1933 kamen sie wegen den nazis in schwierigkeiten. paul ging wie viele in die usa, während marie ins gefängnis kam. 1934 wurde ihre ehe geschieden. paul blieb in den vereinigten staaten, wurde begründer quantitativer methoden in der wahl- und kommunikationsforschung und hatte mehrere professuren als soziologe inne. marie emigirierte nach ihre entlassung aus der haft nach grossbritannien, wo sie, die pionierin qualitativer methoden in der sozialforschung, die erste frau wurde, die einen lehrstuhl für sozialpsychologie leitete.

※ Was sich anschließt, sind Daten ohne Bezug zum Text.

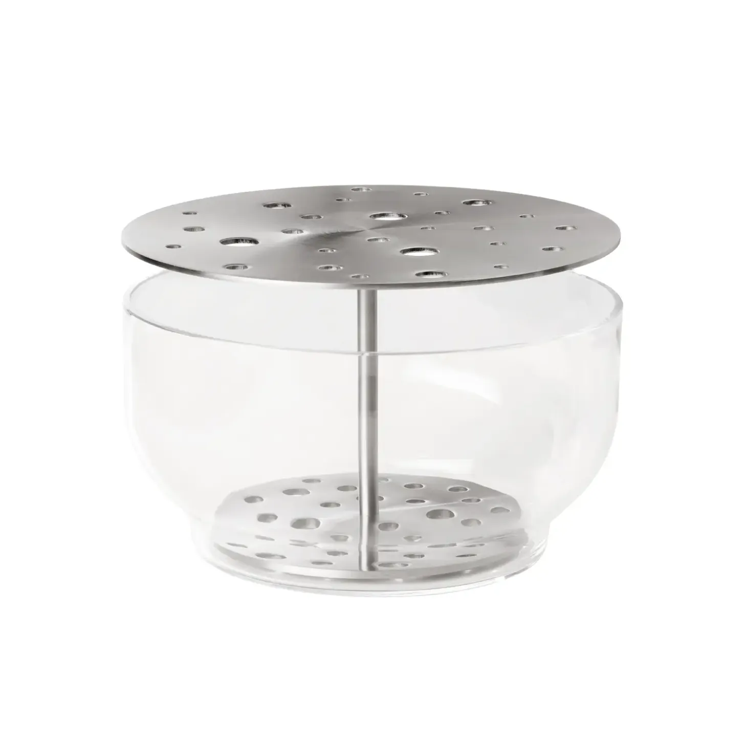 Denne vase fra Fritz Hansen kombinerer mundblæst klart glas med rustfrit stål i en funktionel konstruktion. Den centrale metalstang forbinder top og bund, hvilket sikrer en stabil struktur, der holder, selv når du arbejder med flere blomster.

das jogurth mit der aufschrift “jahoda” schmeckte fein. erst als ich über meine wahren gründe, warum ich es gewählt hatte, erzählte, lachte meine begleitung. denn “jahoda” ist auf slowakisch keine marke, sondern heisst ganz einfach erdbeere.

marie hätte gesagt: mit quantativen methoden hätte man diese spezielle entscheidung nie bestimmen können, dafür muss man die lebensgeschichte der menschen kennen, die handeln. in meinem fall hätte ich ohne das versehen eher auf vanille gesetzt.